►

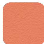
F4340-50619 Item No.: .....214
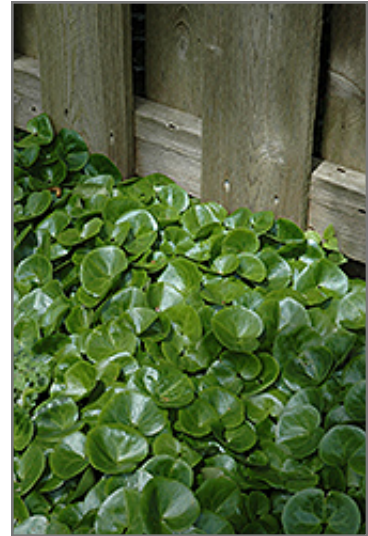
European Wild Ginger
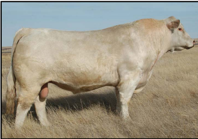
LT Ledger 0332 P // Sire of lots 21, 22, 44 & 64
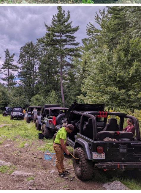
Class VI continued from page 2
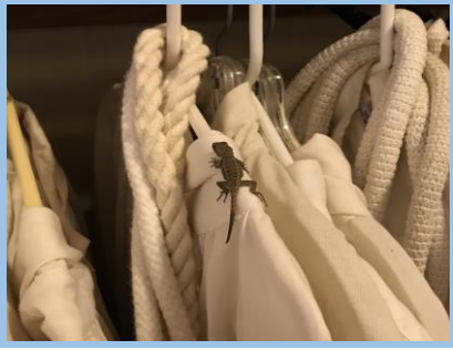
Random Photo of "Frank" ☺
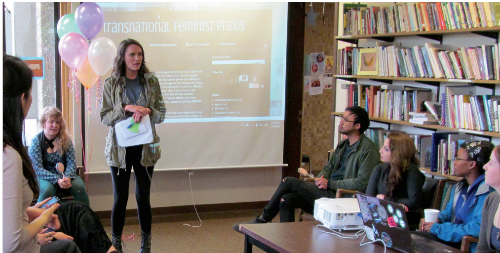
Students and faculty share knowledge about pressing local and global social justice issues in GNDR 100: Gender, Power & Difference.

◄
►

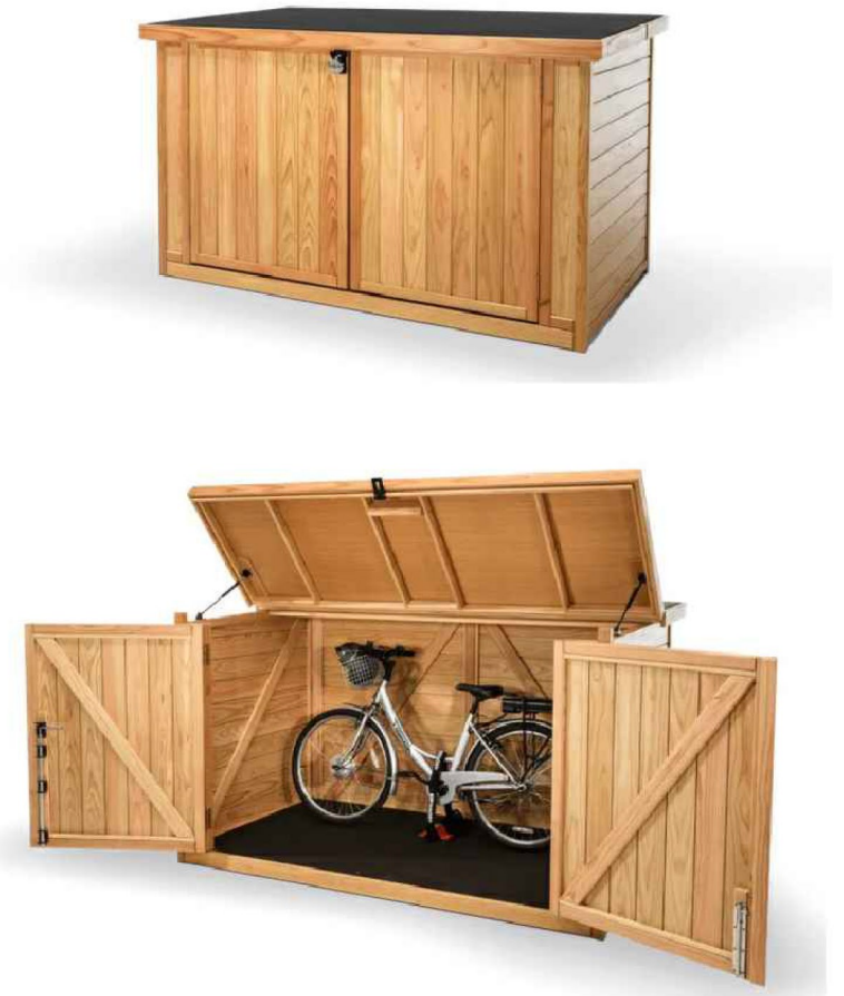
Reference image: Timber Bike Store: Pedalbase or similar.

◄

Goal of the exercise. Above, find the line holding "F4340-50619 Item No.: .....214" and the line holding "Students and faculty". Print exactly those two lines and every line between them, but no pictures.

Result for this exercise.
F4340-50619 Item No.: .....214
European Wild Ginger
LT Ledger 0332 P // Sire of lots 21, 22, 44 & 64
Class VI continued from page 2
Random Photo of "Frank" ☺
Students and faculty share knowledge about pressing local and global social justice issues in GNDR 100: Gender, Power & Difference.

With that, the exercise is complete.